Блажен, кто знает сладострастье
Высоких мыслей и стихов,
Кто наслаждение прекрасным
В прекрасный получил удел,
И твой восторг уразумеет
Восторгом пламенным и ясным!

Жизнь Жуковского занимает видное место в житейских отношениях Пушкина, от первого вступления нашего поэта в литературу, в сознательное служение ей до последних мгновений Александра Сергеевича, когда он скончался в день рождения Жуковского, 29 января 1837 года. Жуковский так же покровительствовал Пушкину, как Карамзин; но, несмотря на неравенство лет (Жуковский родился в 1783 году, 29 января), между поэтами завязалась тесная искренняя дружба: с 1822 года Пушкин в письмах обращается с Жуковским на «ты», признавая его с памятного момента лицейской встречи в 1815 году, когда Жуковский подарил ему стихи (V, 2), своим учителем.
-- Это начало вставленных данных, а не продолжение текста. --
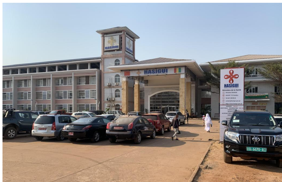
中几友好医院外景

几内亚拥有国家级中心医院3所，即东卡医院、亚斯丁医院和中国政府援建的中几友好医院，各大区国立医院8所，县级医院26所，县级以下各类诊疗站、卫生中心等医疗机构2477个。几内亚药品和医疗设备全部依赖进口，进口国别包括法国、中国、比利时、瑞士、尼日利亚、印度等。全国医护人员总数约12527人，其中20%分布在首都各医疗机构。国家财政分配给卫生领域的投入只占国家预算的6.46%。中方员工人数较多的合作项目，应配备中国医生。据几健康和公共卫生部年报显示，2020年几内亚全国医疗卫生总支出占GDP的21.6%。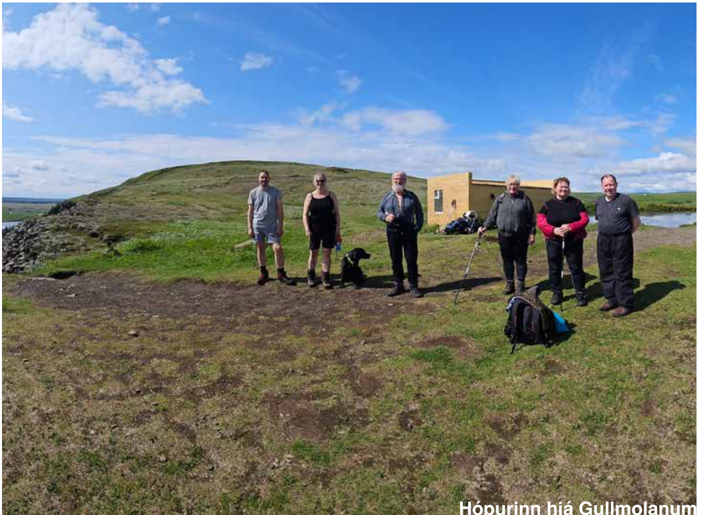
Hópurinn hjá Gullmolanum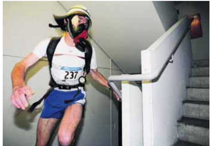
In voller Montur

Für den Hochzoller, der schon Weltrekorde im 12- und 24-Stunden-Treppenlaufen aufgestellt hat, war die Strecke schlichtweg zu kurz. Die schnellste Frau in 2:13 Minuten hieß Christine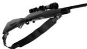
(Correa simple de dos puntos de anclaje)

Correa con un solo punto de fijación al arma y el extremo opuesto a modo de cabestrillo alrededor del brazo.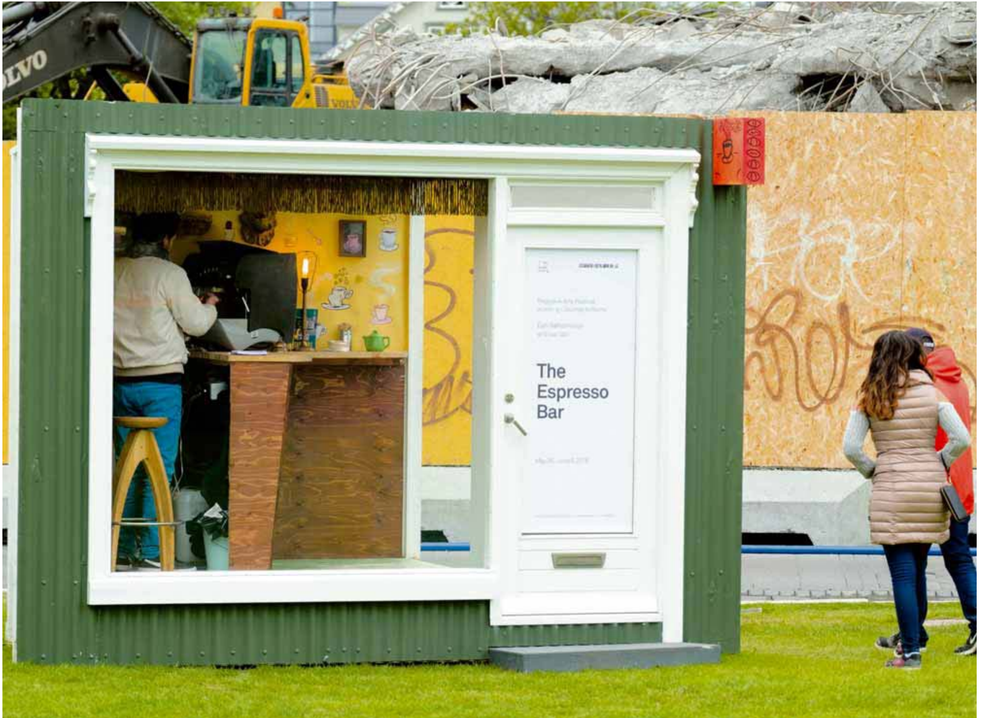
Veisla í farangrinum Hluti af Listahátíð er þessi espressóbar þar sem ljúffengur sopinn er ódýrari en gengur og gerist. Sem stendur er þessi færانlegi kaffistaður á Austurvelli.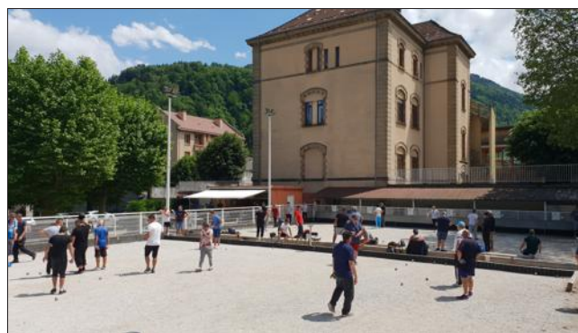
Avec le beau temps, les jeux sont pleins.

La saison se termine pour certaines associations saisonnières, comme le club de pétanque allevardin. Cependant, avec la belle météo de ces derniers jours, les joueurs ont du mal à ranger leurs boules. Ils se retrouvent donc dès que possible sur les jeux du pétanquodrome qui verra cette année peut-être repoussé sa date record de fermeture du 8 décembre... tous en rêvent ! En attendant, l'assemblée générale aura lieu ce samedi 19 octobre à 18 h 30, en salle du conseil à la mairie d'Allevard. Le mandat du bureau s'achève et en fin de réunion l'élection d'une nouvelle équipe sera soumise au vote. La soirée s'achèvera au pétanquodrome autour du verre de l'amitié.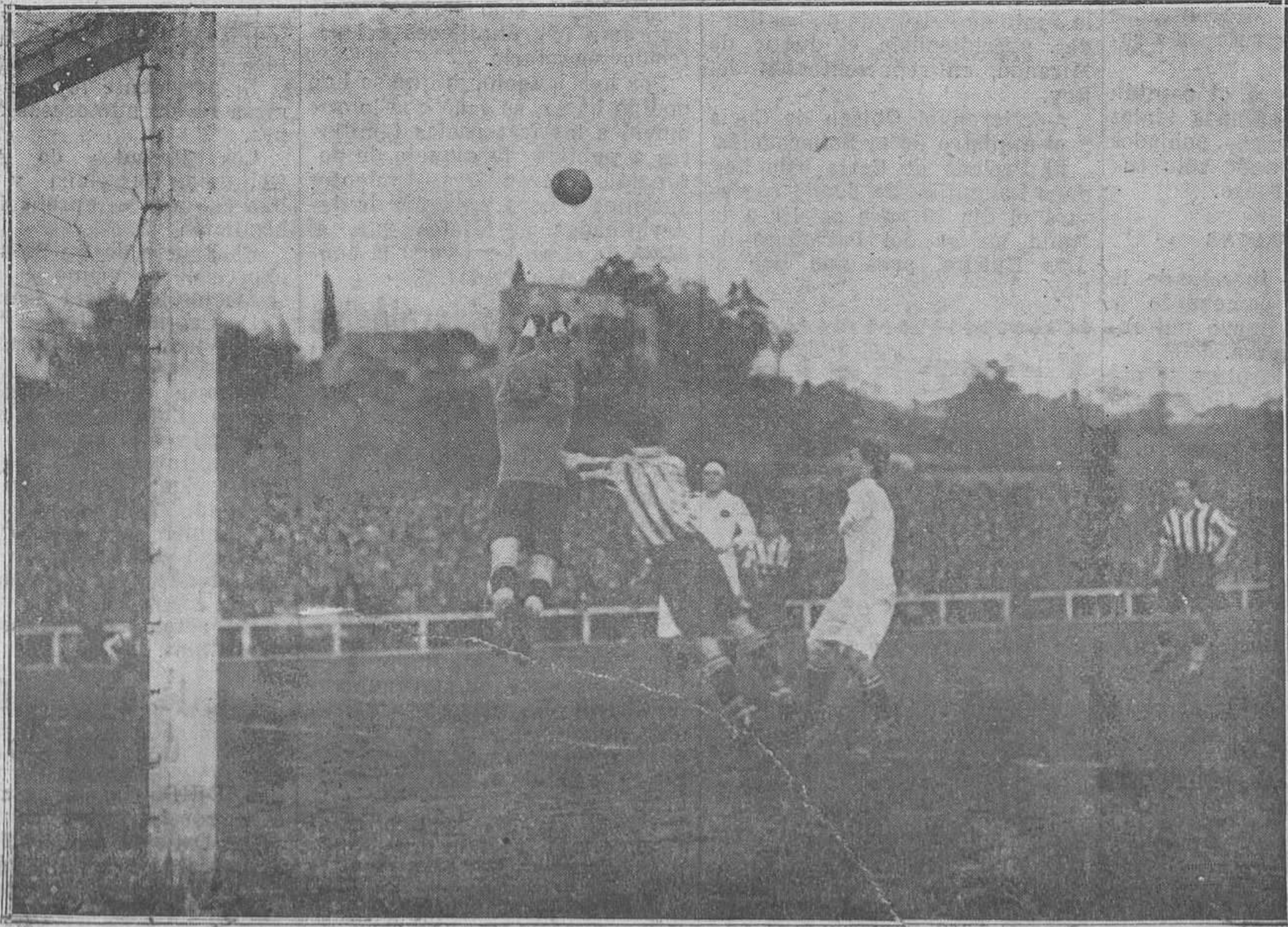
Un momento interesante del partido.

Ten siempre presente este consejo de un sabio: "El que dice máximas, sin acompañarlas con el ejemplo, es como esos postes que señalan el camino sin haberlo recorrido". Es siempre más fácil dar consejos que llevarlos a la práctica.

Пушкин называет Жуковского в послании «К сестре» 1814 года певцом Людмилы и задумчивой Светланы, в IV песне «Руслана и Людмилы» 1820 года «Певцом таинственных видений, любви, мечтаний и чертей, могил и рая» и вспоминает свои впечатления от «Громобоя» и «Вадима» («Двенадцати спящих дев»); еще позднее, в 1828 году, Пушкин возвращается к первому произведению Жуковского, поразившему «весь свет» – в подражании Грею, – т. е. «Сельскому кладбищу» 1802 года. В истории русской словесности Пушкин признавал за Жуковским важное и решительное значение в области слога (VII, 107 и 129). Но влияние Жуковского на Пушкина не ограничивалось одним слогом и юношескими подражаниями (например, послание Пушкина к кн. Горчакову написано в подражание посланий Жуковского к Филалету – Тургеневу): оно шло глубже и отражалось в элегиях Пушкина, в образах и выражениях, впервые введенных в русскую литературу Жуковским из подражания германской поэзии (особенно Шиллеру), а отчасти и самостоятельно, в отклонении от подлинника, в образах, созданных Жуковским в соответствии с его духом, со всем пережитым и перечувствованным мечтательным поэтом. Кроме элегии (напр., мысли о смерти, об умерших женщинах, близких – дорогих сердцу поэта) влияние Жуковского на Пушкина сказалось и в народных балладах, как «Жених», «Утопленник», «Бесы», и в народных сказках, и в патриотических одах, написанных поэтами во время совместной жизни в Царском Селе и изданных вместе в одной книжке 1831 года. Последнее было своего рода состязанием и сотрудничеством двух поэтов.